— Data provided —
◆ ◆ ◆

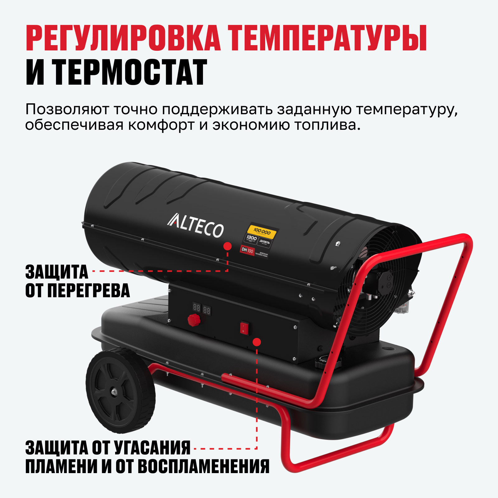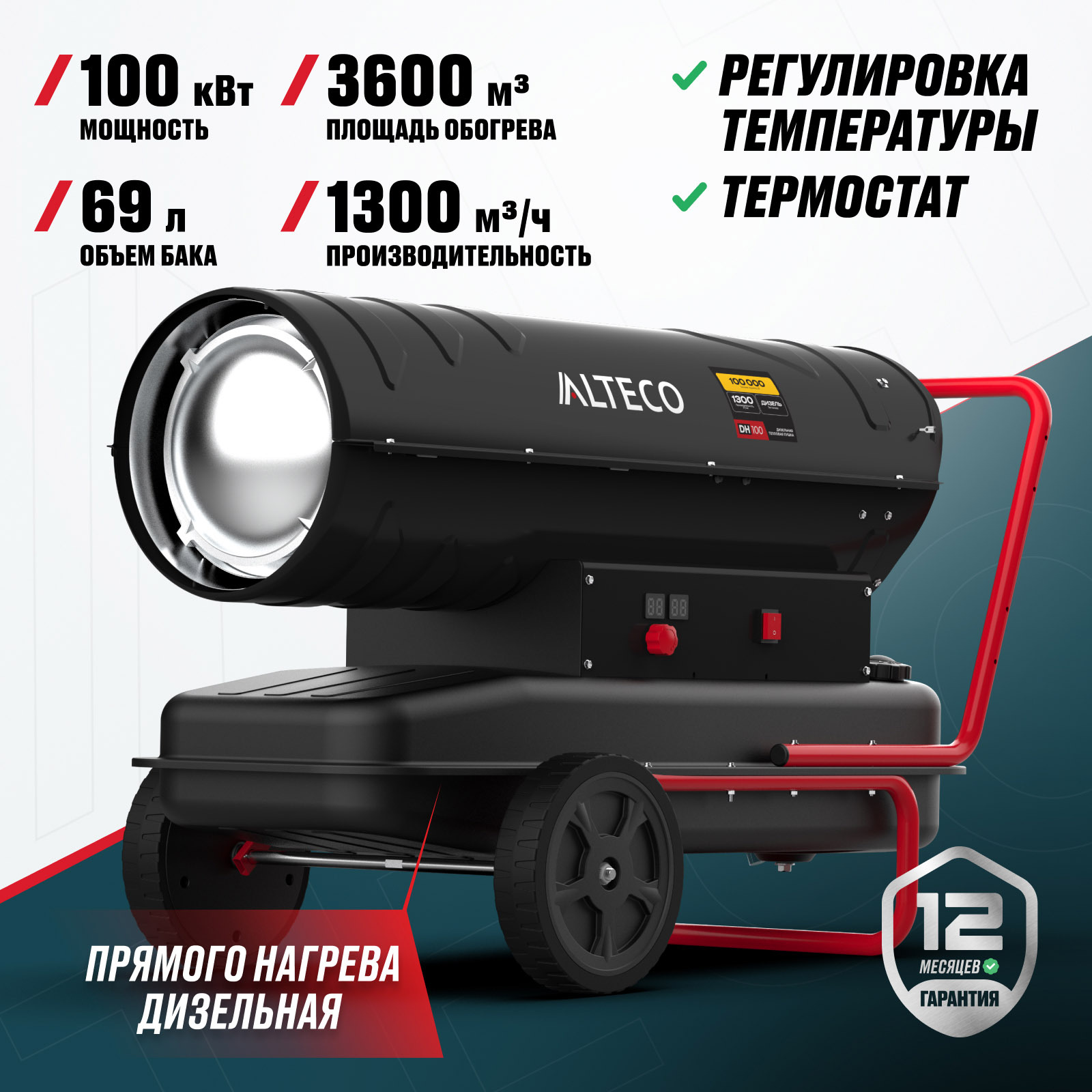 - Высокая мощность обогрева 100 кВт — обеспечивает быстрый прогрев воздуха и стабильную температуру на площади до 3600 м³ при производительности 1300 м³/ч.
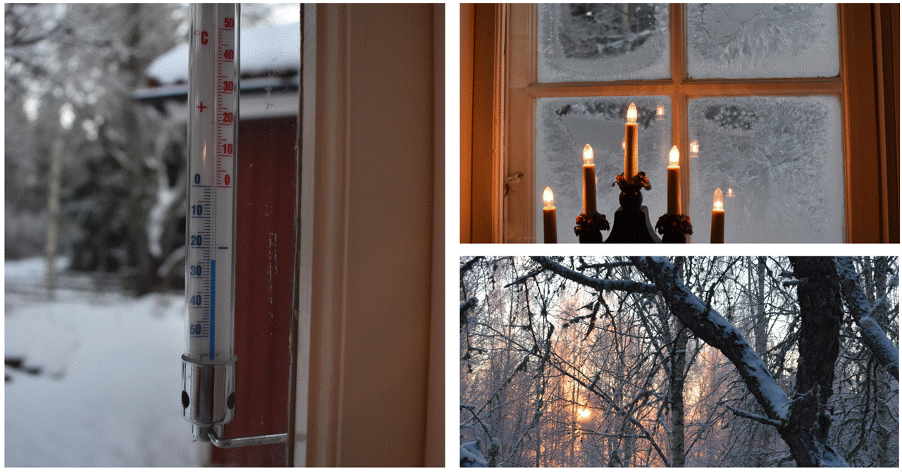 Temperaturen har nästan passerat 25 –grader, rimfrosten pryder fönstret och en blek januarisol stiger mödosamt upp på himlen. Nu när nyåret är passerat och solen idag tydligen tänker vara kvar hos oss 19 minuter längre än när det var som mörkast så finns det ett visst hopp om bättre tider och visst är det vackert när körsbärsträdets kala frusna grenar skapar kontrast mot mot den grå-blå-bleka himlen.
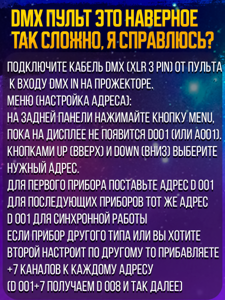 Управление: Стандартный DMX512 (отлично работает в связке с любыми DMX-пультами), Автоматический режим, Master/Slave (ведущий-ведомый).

◆ ◆ ◆

— Task to complete —
Copy nothing but the lines above from the one with "Temperaturen har nästan" through the end of the material, word for word, and drop the pictures.

— Result below —
 Temperaturen har nästan passerat 25 –grader, rimfrosten pryder fönstret och en blek januarisol stiger mödosamt upp på himlen. Nu när nyåret är passerat och solen idag tydligen tänker vara kvar hos oss 19 minuter längre än när det var som mörkast så finns det ett visst hopp om bättre tider och visst är det vackert när körsbärsträdets kala frusna grenar skapar kontrast mot mot den grå-blå-bleka himlen.
 Управление: Стандартный DMX512 (отлично работает в связке с любыми DMX-пультами), Автоматический режим, Master/Slave (ведущий-ведомый).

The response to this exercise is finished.